La desigualdad como insumo del capitalismo. El laureado autor de “El capital en el siglo XXI”, Thomas Piketty, vuelve con “Capital e ideología” intentando derribar el mito capitalista más arraigado de que las desigualdades son causas naturales de la conformación humana. “No es cierto; no existe ningún determinismo, menos aún una organización social con mandato eterno”.

 

Opinión

Por: Octavio Quintero

Grupo GES

Circula en las redes sociales un meme contra el naciente socialismo en Estados Unidos que representa a la parlamentaria demócrata, Alexandria Ocasio-Cortez, preguntándole al presidente Trump “por qué está tan en contra del socialismo”, a lo que responde: “porque los estadounidenses quieren pasear a sus perros, no comérselos”.

Un simple meme como este, adoctrina más gente en el capitalismo, que una elaborada teoría social como la desarrollada en “Capital e ideología”, último ensayo del laureado escritor, Thomas Piketty, en donde expone que la desigualdad es una edificación ideológica creada por el capitalismo a través de categorías divisorias: mercado, salarios, capital, educación, deuda, trabajadores (más o menos capacitados), cotizaciones bursátiles, paraísos fiscales, ricos, pobres, clérigos, nobleza, competencia nacional y/o internacional.

Dentro de esas categorizaciones se destaca la educación que ahora se propone por analistas tildados de “eruditos” como ‘educación para el trabajo’, es decir, el saber hacer, no el saber pensar.

El ‘saber hacer’, en este caso, viene a ser un adoctrinamiento que anula en el individuo la capacidad de juicio que se adquiere, precisamente, a través de la educación.

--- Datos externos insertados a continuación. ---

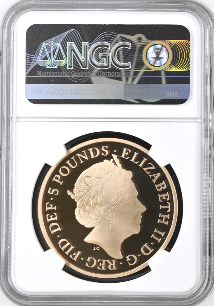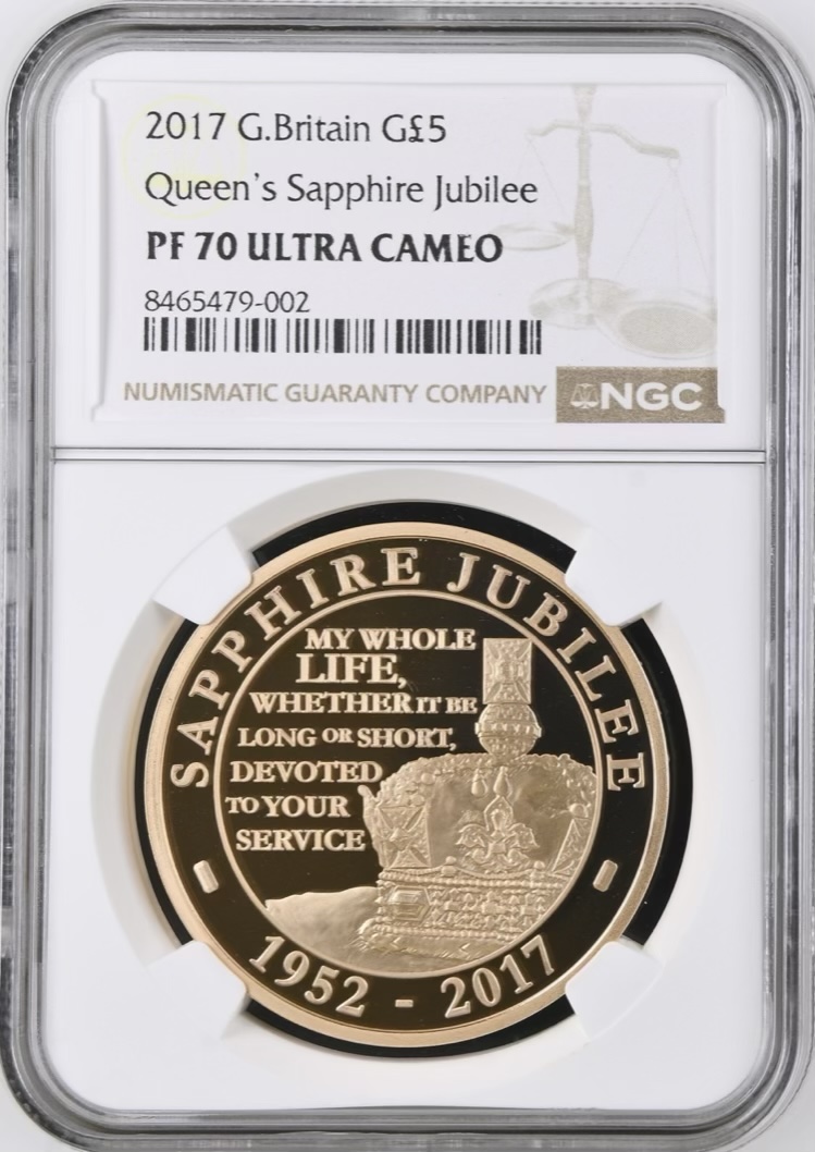 This commemorative £5 Crown-sized coin celebrates the Sapphire Jubilee (65th anniversary) of accession to the throne of Queen Elizabeth II.

Podría uno creer, sin mucho riesgo de errar, que el meme relacionado es indicio del tono de campaña en la cual basará Trump su reelección en el 2020, encaminada a caricaturizar el socialismo estadounidense puesto en escena por el adusto Bernie Sanders, popularizado por la carismática Ocasio-Cortez, la tromba política que hace poco más de un año saltó de una barra de taquerías en Nueva York al Congreso.

Si, realmente, el mejor manejo de las redes sociales inclina la balanza política, Trump va a tener ésta vez una seria contrincante en su camino a la reelección porque, Ocasio-Cortés, la novel parlamentaria demócrata, definida socialista, tiene el encanto de convertir en tendencia todo lo que trata en sus cuentas de twitter e Instagram, principalmente.

Lo que se puede deducir de este meme gringo es la caricaturización de la incipiente idea socialista entre los millennials estadounidenses, simbolizada en la ambivalencia del perro: es cuestión de elegir entre capitalismo (si lo que se quiere es sacar el perro al parque), o socialismo (si lo que se quiere es comerse un perro).

Para colombianizar el doble sentido, es algo así como la caricatura política que se hizo del castrochavismo en la campaña presidencial que favoreció a Duque.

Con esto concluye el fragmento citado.